Chocolate Pound Cake is an vintage recipe that uses cocoa powder for a new spin on traditional pound cake.  This cake has a dense, moist texture that can be served up for breakfast or dessert. 
Prep Time15 mins
Cook Time1 hr 20 mins
Course: Breakfast, Dessert
Cuisine: American
Keyword: Chocolate Bundt Cake, chocolate pound cake, pound cake using cocoa powder, Pound Cake with cocoa powder
Servings: 1 cake
Author: Barbara


Chocolate Pound Cake

  • 1 cup butter or margarine, softened
  • 1/2 cup shortening
  • 3 cups sugar
  • 5 eggs
  • 1 teaspoon vanilla extract
  • 3 cups flour
  • 1/2 teaspoon baking powder
  • 1/2 teaspoon salt
  • 1/4 cup cocoa powder
  • 1 cup milk


  • 1 tablespoon butter or margarine, softened
  • 1 cup powdered sugar
  • 2 tablespoons milk
  • 1/4 teaspoon vanilla extract


  • Preheat oven to 325 degrees F. Grease and flour a Bundt pan.
  • With a mixer, cream together softened butter, shortening, sugar, eggs and vanilla until smooth.
  • Combine flour, baking powder, salt and cocoa powder; alternately add dry ingredients with milk to the creamed mixture.
  • Pour into prepared Bundt pan. Bake for 1 hour and 20 minutes or until toothpick comes out clean.
  • Let cool in pan for 15 minutes; loosen edges with knife and remove from pan.
  • To prepare glaze, mix softened butter, powdered sugar, milk and vanilla. Pour over cooled or slightly cooled cake.
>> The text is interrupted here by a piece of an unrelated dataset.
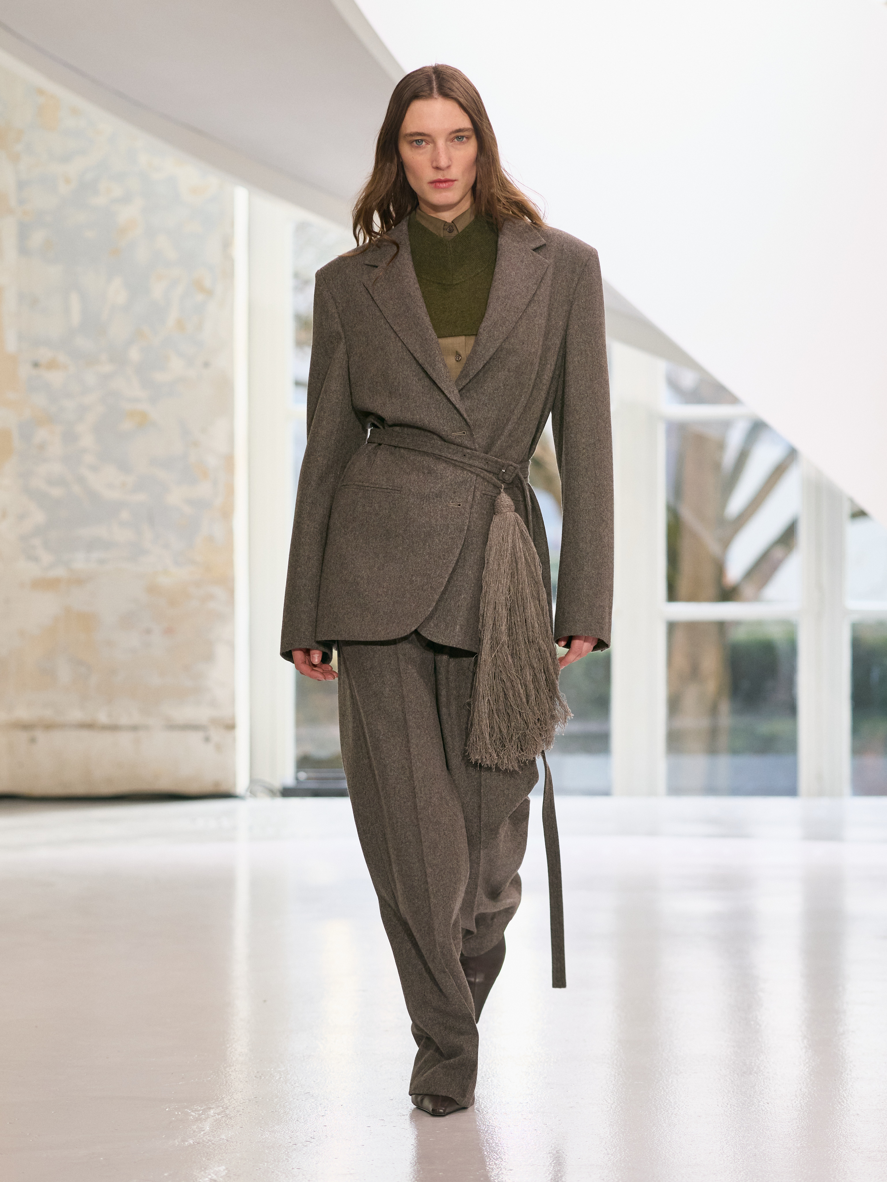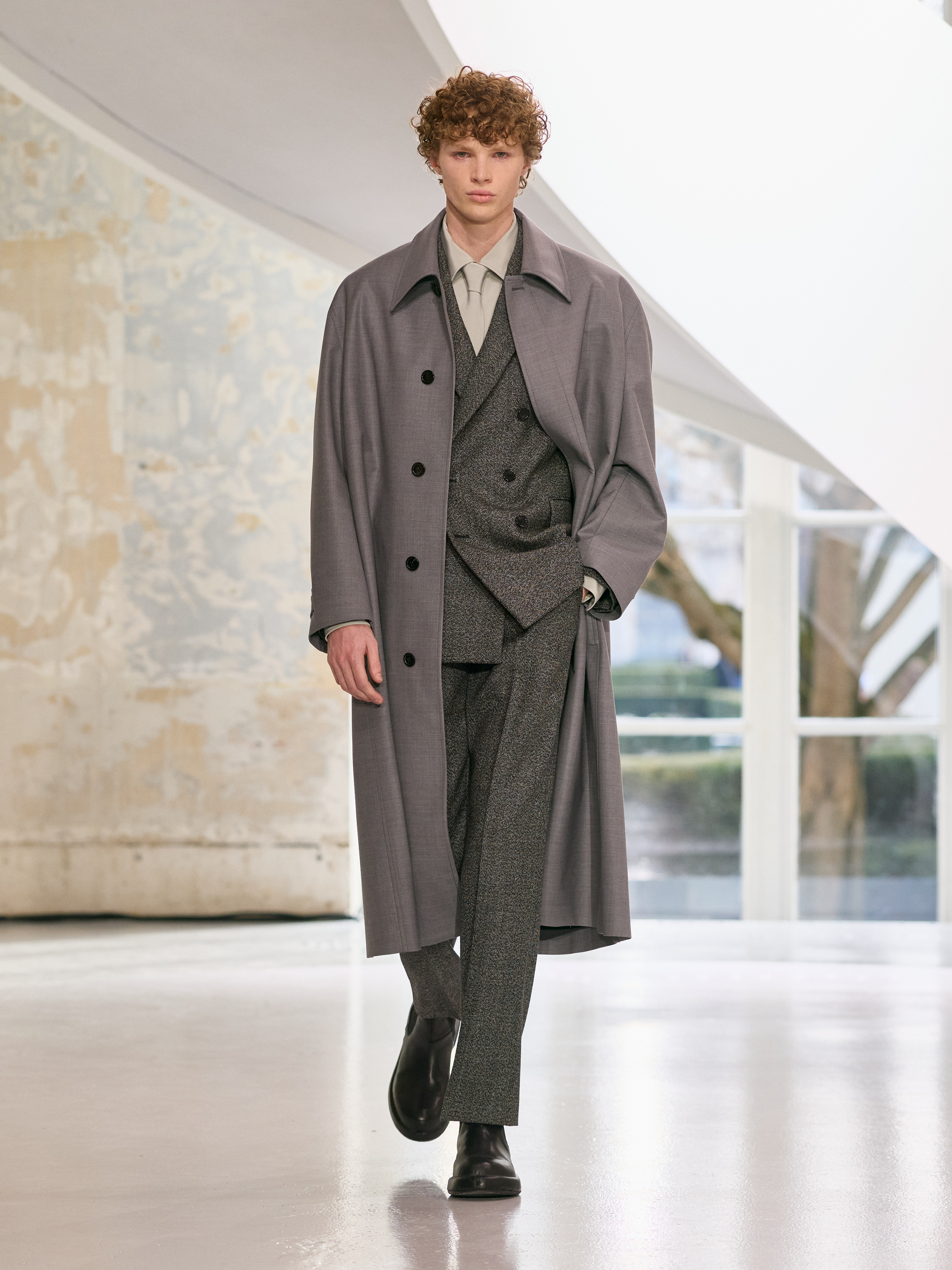 男装系列则呈现更为鲜明的雅致。以传统工艺为根基的新经典,在材质与比例上焕然新生。男装的原型依然在场,借助精致面料找到更为柔和的表达。廓形因丝绸与羊绒而轻盈,与厚实的花呢、羊毛犬牙格及挺括马甲形成对照。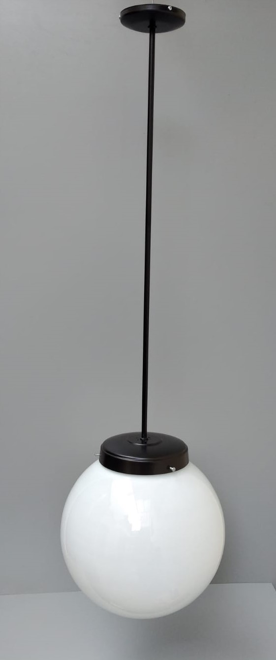 Colgante globo de 18cm, vidrio opal blanco brillante, modelo grifa alta, accesorios negros, barral de 70cm

  • This chocolate pound cake gets it's flavor using cocoa powder. 
  • Be sure to grease all sides of the Bundt pan (including center), and then lightly flour. This will help the chocolate pound cake to remove from the pan easily.
  • Substitute margarine for butter if desired.
  • Be sure to soften the butter or margarine.
  • Let the eggs sit at room temperature if possible.
  • The glaze is completely optional.  Leave it off, if desired. 
  • For a glaze isn't clumpy, soften margarine and sift the powdered sugar before mixing.